FlowJob继承org.springframework.batch.core.job.AbstractJob,调用AbstractJob#execute方法执行job,这个方法负责执行job、处理所有的listeners和repository调用、将实际的处理委托给子类的doExecute方法。
1. 为当前线程注册step context
JobSynchronizationManager.register(execution);
在org.springframework.batch.core.scope.context.JobSynchronizationManager#register方法中,实际调用JobSynchronizationManager的manager属性的register方法来完成。
JobSynchronizationManager的manager属性,默认为
new SynchronizationManagerSupport<JobExecution, JobContext>()
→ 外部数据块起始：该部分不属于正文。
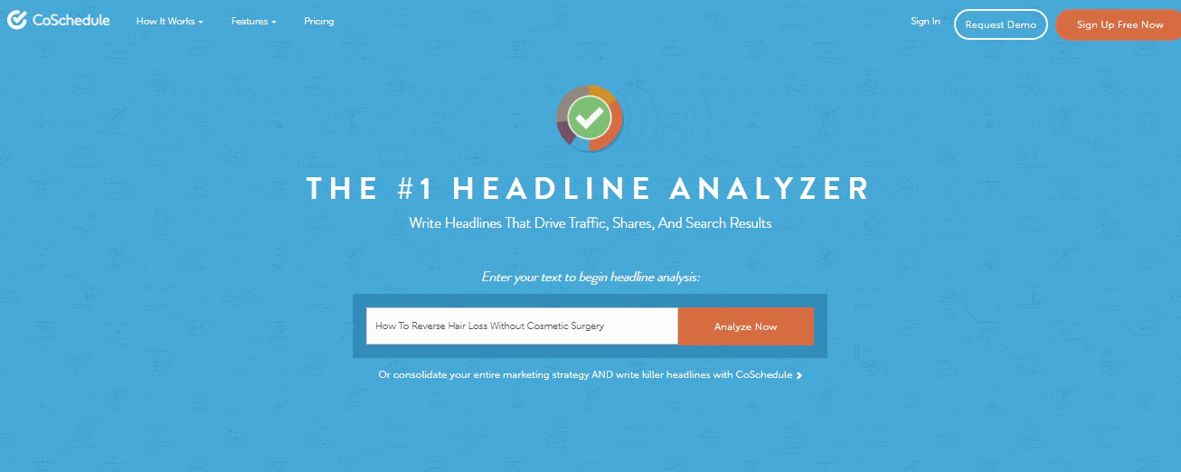 4. Open up the CoSchedule Headline Analyzer to put a score to the 10 selected headlines. You can see in the example below with the ‘How To Reverse Hair Loss Without Cosmetic Surgery’, it received a score of 68. That’s not bad, but it could definitely be better.

SynchronizationManagerSupport用来存储当前线程的execution,execution与context(new JobContext(execution))的map。
2. 校验jobParameters
jobParametersValidator.validate(execution.getJobParameters());
jobParameters不能为null,如果为null会抛出JobParametersInvalidException
3. 自行listeners的beforeJob方法
listener.beforeJob(execution);
4. 调用doExecute方法执行job
doExecute(execution);
二、org.springframework.batch.core.job.flow.FlowJob#doExecute方法执行job
1. 创建JobFlowExecutor,JobFlowExecutor用在需要执行与JobExecution有关的flow的组件中
JobFlowExecutor executor = new JobFlowExecutor(getJobRepository(), new SimpleStepHandler(getJobRepository()), execution);
SimpleStepHandler负责管理repository,重启业务,在new SimpleStepHandler时,会新建ExecutionContext。
new ExecutionContext()
这个类封装了一个ConcurrentHashMap,能够提供类型安全的read操作。
2.实际负责job的是flow.start(executor),flow是根据配置文件中定义的job生成的SimpleFlow
executor.updateJobExecutionStatus(flow.start(executor).getStatus());
SimpleFlow的属性startState为StepState类型,值为job的第一个step定义,name为job的id.第一个step的id。
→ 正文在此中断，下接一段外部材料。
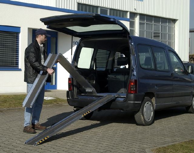 Die ALTEC-Auffahrschienen RAS-W aus Aluminium sind ein sicheres und schnelles Hilfsmittel für Betreuer. Die Schienen laufen kugelgelagert auf einer rostfreien Stahlwelle, die fest im Fahrzeug montiert wird. Während der Fahrt sind die Schienen zusammen-geklappt und werden senkrecht von Halterungen gesichert. Die Fahrfläche ist mit einem rutschsicheren Korundbelag beschichtet.
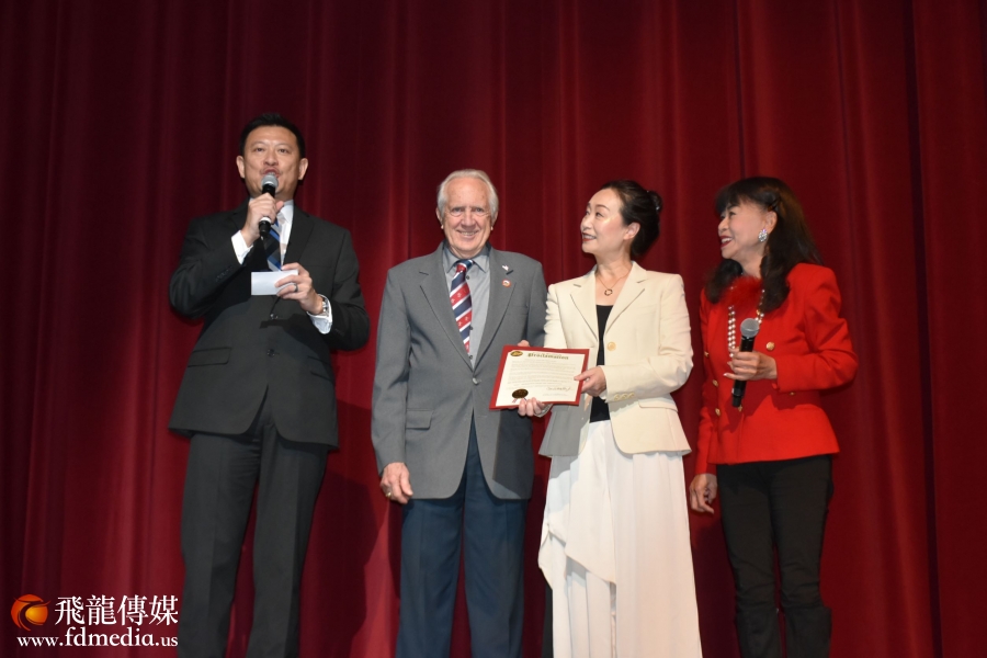 斯坦福市市长Cecil Willis, 市议员谭秋晴为徐利校长颁发市长令,宣布12月18日为”OAEC东方印象日”。

start方法中,会定义一个state并且将startState赋值给他,然后取得stateName(job的id.第一个step的id),最后调用resume方法
if (startState == null) { initializeTransitions(); } State state = startState; String stateName = state.getName(); return resume(stateName, executor);
三、org.springframework.batch.core.job.flow.support.SimpleFlow#resume方法
resume方法的核心是调用state 的handle方法
while (isFlowContinued(state, status, stepExecution)) { stateName = state.getName(); try { status = state.handle(executor); stepExecution = executor.getStepExecution(); } state = nextState(stateName, status, stepExecution); } FlowExecution result = new FlowExecution(stateName, status);
四、org.springframework.batch.core.job.flow.support.state.StepState#handle方法只有两行语句
executor.abandonStepExecution(); return new FlowExecutionStatus(executor.executeStep(step));
在启动新的step时,要更新上一次execution,确保他执行失败后在这次启动时能够被放弃。
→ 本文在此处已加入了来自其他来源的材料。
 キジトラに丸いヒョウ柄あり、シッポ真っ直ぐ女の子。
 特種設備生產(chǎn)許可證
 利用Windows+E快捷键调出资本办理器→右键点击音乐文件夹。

executor.executeStep(step)
org.springframework.batch.core.job.flow.JobFlowExecutor继承FlowExecutor接口,这个接口为FlowJob提供step by step执行的context和执行策略。
org.springframework.batch.core.job.flow.JobFlowExecutor#executeStep方法的核心
StepExecution stepExecution = stepHandler.handleStep(step, execution);
org.springframework.batch.core.job.SimpleStepHandler#handleStep
currentStepExecution = execution.createStepExecution(step.getName());
currentStepExecution.setExecutionContext(new ExecutionContext(executionContext));
step.execute(currentStepExecution);
currentStepExecution.getExecutionContext().put("batch.executed", true);
org.springframework.batch.core.step.AbstractStep#execute
doExecute(stepExecution);
org.springframework.batch.core.step.tasklet.TaskletStep#doExecute
这个方法中会创建一个Semaphore,这个信号量是为了step能够在不使用锁的情况下并发执行
stepOperations.iterate(new StepContextRepeatCallback(stepExecution) { @Override public RepeatStatus doInChunkContext(RepeatContext repeatContext, ChunkContext chunkContext) throws Exception { StepExecution stepExecution = chunkContext.getStepContext().getStepExecution(); // Before starting a new transaction, check for // interruption. interruptionPolicy.checkInterrupted(stepExecution); RepeatStatus result; try { result = new TransactionTemplate(transactionManager, transactionAttribute) .execute(new ChunkTransactionCallback(chunkContext, semaphore)); } catch (UncheckedTransactionException e) { // Allow checked exceptions to be thrown inside callback throw (Exception) e.getCause(); } chunkListener.afterChunk(chunkContext); // Check for interruption after transaction as well, so that // the interrupted exception is correctly propagated up to // caller interruptionPolicy.checkInterrupted(stepExecution); return result; } });
org.springframework.batch.repeat.support.RepeatTemplate#iterate,执行batch callback直到completion policy任务已经完成。会等待整个batch完成再返回。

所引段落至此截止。